L'article 59 LIFD pourrait être libellé ainsi :

Al. 2

... la rémunération globale versée directement ou indirectement par une entreprise à une personne pour le travail qu'elle fournit en sa qualité d'employé ou d'organe est prise en considération jusqu'à concurrence de la moitié des charges justifiées par l'usage commercial lorsqu'elles excèdent 1,5 million de francs, les indemnités de départ et les indemnités à l'engagement jusqu'à concurrence de 25 % des charges justifiées par l'usage commercial lorsqu'elles excèdent 500 000 francs.

Antrag des Bundesrates

Le Conseil fédéral propose de rejeter la motion.

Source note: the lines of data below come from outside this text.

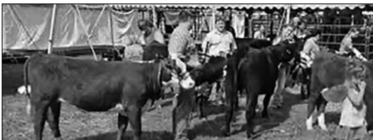
(above) Animals shows from pets to livestock are popular events.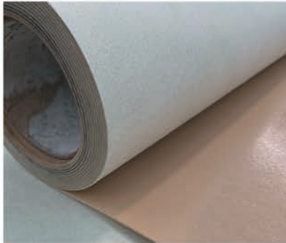
Lined hotmelt (with poly) backing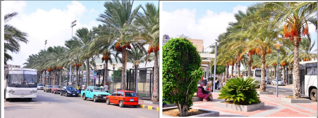
Shuttle Services (Alexandria University)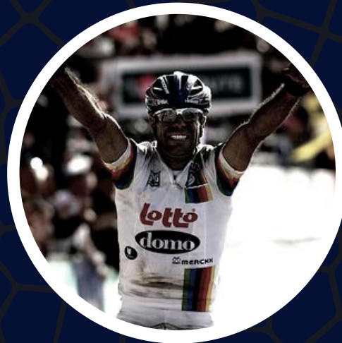
Peter van Petegem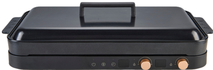
DOUBLE-O Induction Hotplate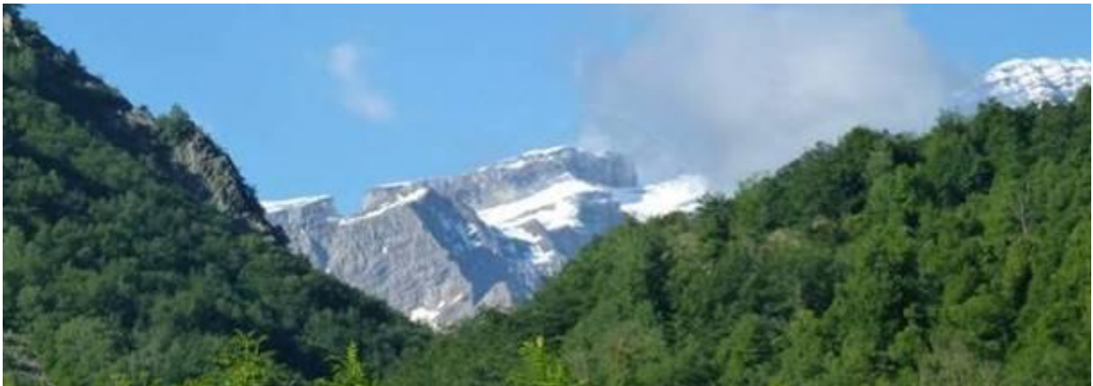
Above: the Brèche de Roland, from the Hotel La Brèche de Roland. The cloud is a reminder of the mixed weather this year.

The group in the rain at Gèdre-Dessus shows how it sometimes was!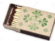
安全火柴 Safety matches

Stellungnahme des Bundesrates

Au cours de la session d'hiver de 2008, le Conseil national, suivant la proposition du Conseil fédéral, a refusé de limiter la déductibilité des salaires des managers à 1 million de francs (motion Rechsteiner Paul 08.3532, Pour une limitation des salaires des managers).

Le Conseil fédéral ne voit aucune raison de revenir sur son appréciation d'alors. Les salaires et les bonus, y compris les indemnités de départ et les indemnités à l'engagement, ainsi que les cotisations aux assurances sociales doivent donc représenter dans leur totalité des charges justifiées par l'usage commercial au sens de l'article 59 de la loi fédérale sur l'impôt fédéral direct et doivent être déductibles du revenu imposable.

Si, comme le demande l'auteur de la motion, la rémunération excédant 1,5 million de francs n'était prise en considération que jusqu'à concurrence de la moitié des charges justifiées par l'usage commercial et que les indemnités de départ et les indemnités à l'engagement dépassant 500 000 francs n'étaient prise en considération que jusqu'à concurrence du quart de ces charges, ce ne serait plus le bénéfice effectif qui serait imposé. En effet, les charges justifiées par l'usage commercial, et toutes les charges de personnel en font partie, doivent être déductibles sinon l'entreprise se verrait ajouter et imposer un bénéfice fictif.

Ces circonstances, dues à la systématique fiscale, ne doivent toutefois pas permettre de conclure que le Conseil fédéral approuverait des indemnités de toute sorte et de n'importe quel montant. La Suisse a réagi de manière appropriée en publiant le 1er janvier 2010 la lettre-circulaire de l'Autorité fédérale de surveillance des marchés financiers (FINMA) sur les systèmes de rémunération dans les institutions financières.

Ce document a pour but d'influencer durablement les pratiques du secteur financier en matière de rémunérations. Il faut éviter que les systèmes de rémunération n'incitent à prendre des risques excessifs susceptibles de mettre en péril la stabilité des établissements financiers. À cet égard, les rémunérations variables font l'objet d'une attention toute particulière. La FINMA soumet donc la politique de rémunération des établissements financiers à des règles prudentielles, en s'appuyant sur les dispositions de la législation sur les marchés financiers en matière d'organisation.

Le Parlement est en train de débattre du contre-projet du Conseil fédéral à l'initiative populaire "contre les rémunérations abusives", qui prévoit de renforcer la protection de la propriété des actionnaires en modifiant le droit des sociétés anonymes. Les dispositions supplémentaires contenues dans le droit de la société anonyme prévoient en particulier que les rémunérations du conseil d'administration de sociétés cotées en Bourse soient approuvées annuellement par l'assemblée générale. En outre, l'action en restitution de prestations indûment perçues sera facilitée.

Le Conseil fédéral est d'avis qu'avec la lettre-circulaire de la FINMA et les délibérations parlementaires qui se tiennent en ce moment sur le renforcement du droit de la société anonyme, la problématique des rémunérations excessives est prise en main de manière appropriée et suffisante. Il n'est donc pas nécessaire de prendre d'autres mesures. Le Conseil fédéral suit toutefois de près les développements internationaux dans ce domaine.

Le Conseil fédéral propose de rejeter la motion.